■ WHAT IS BEING ASKED:
Repeat the records below exactly from the line containing "En la siguiente" to the line containing "3、在场景中注意避开比自己大的黄色方块蛇,注意上方的分数排名。", taking in both of those lines. Drop the pictures.

■ INPUT:

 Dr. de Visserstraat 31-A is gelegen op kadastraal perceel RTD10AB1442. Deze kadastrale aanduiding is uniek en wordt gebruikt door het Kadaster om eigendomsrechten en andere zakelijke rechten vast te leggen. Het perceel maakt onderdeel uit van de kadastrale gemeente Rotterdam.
---
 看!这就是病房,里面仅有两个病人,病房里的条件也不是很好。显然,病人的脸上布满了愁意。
...
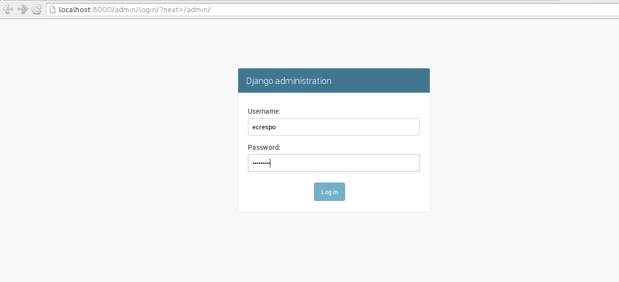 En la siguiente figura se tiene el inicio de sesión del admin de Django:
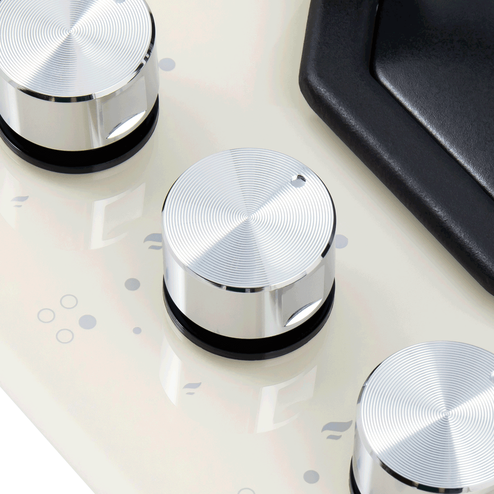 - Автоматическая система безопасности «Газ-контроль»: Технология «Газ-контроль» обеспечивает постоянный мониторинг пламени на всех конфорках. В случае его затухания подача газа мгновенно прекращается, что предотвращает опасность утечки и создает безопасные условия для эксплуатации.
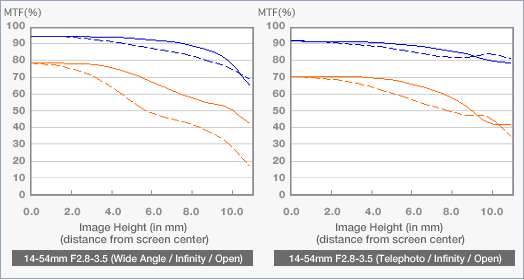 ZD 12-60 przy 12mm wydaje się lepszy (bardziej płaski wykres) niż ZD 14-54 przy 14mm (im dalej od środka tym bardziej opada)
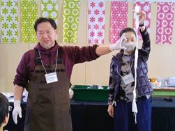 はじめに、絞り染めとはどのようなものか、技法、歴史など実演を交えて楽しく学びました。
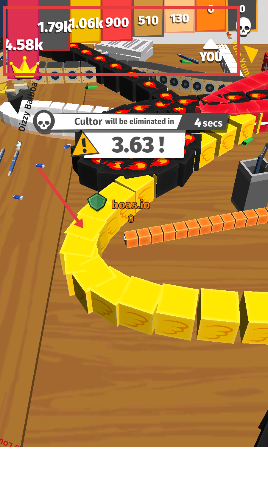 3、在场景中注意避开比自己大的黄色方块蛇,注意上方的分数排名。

■ RESPONSE TO THIS EXERCISE:
 En la siguiente figura se tiene el inicio de sesión del admin de Django:
 - Автоматическая система безопасности «Газ-контроль»: Технология «Газ-контроль» обеспечивает постоянный мониторинг пламени на всех конфорках. В случае его затухания подача газа мгновенно прекращается, что предотвращает опасность утечки и создает безопасные условия для эксплуатации.
 ZD 12-60 przy 12mm wydaje się lepszy (bardziej płaski wykres) niż ZD 14-54 przy 14mm (im dalej od środka tym bardziej opada)
 はじめに、絞り染めとはどのようなものか、技法、歴史など実演を交えて楽しく学びました。
 3、在场景中注意避开比自己大的黄色方块蛇,注意上方的分数排名。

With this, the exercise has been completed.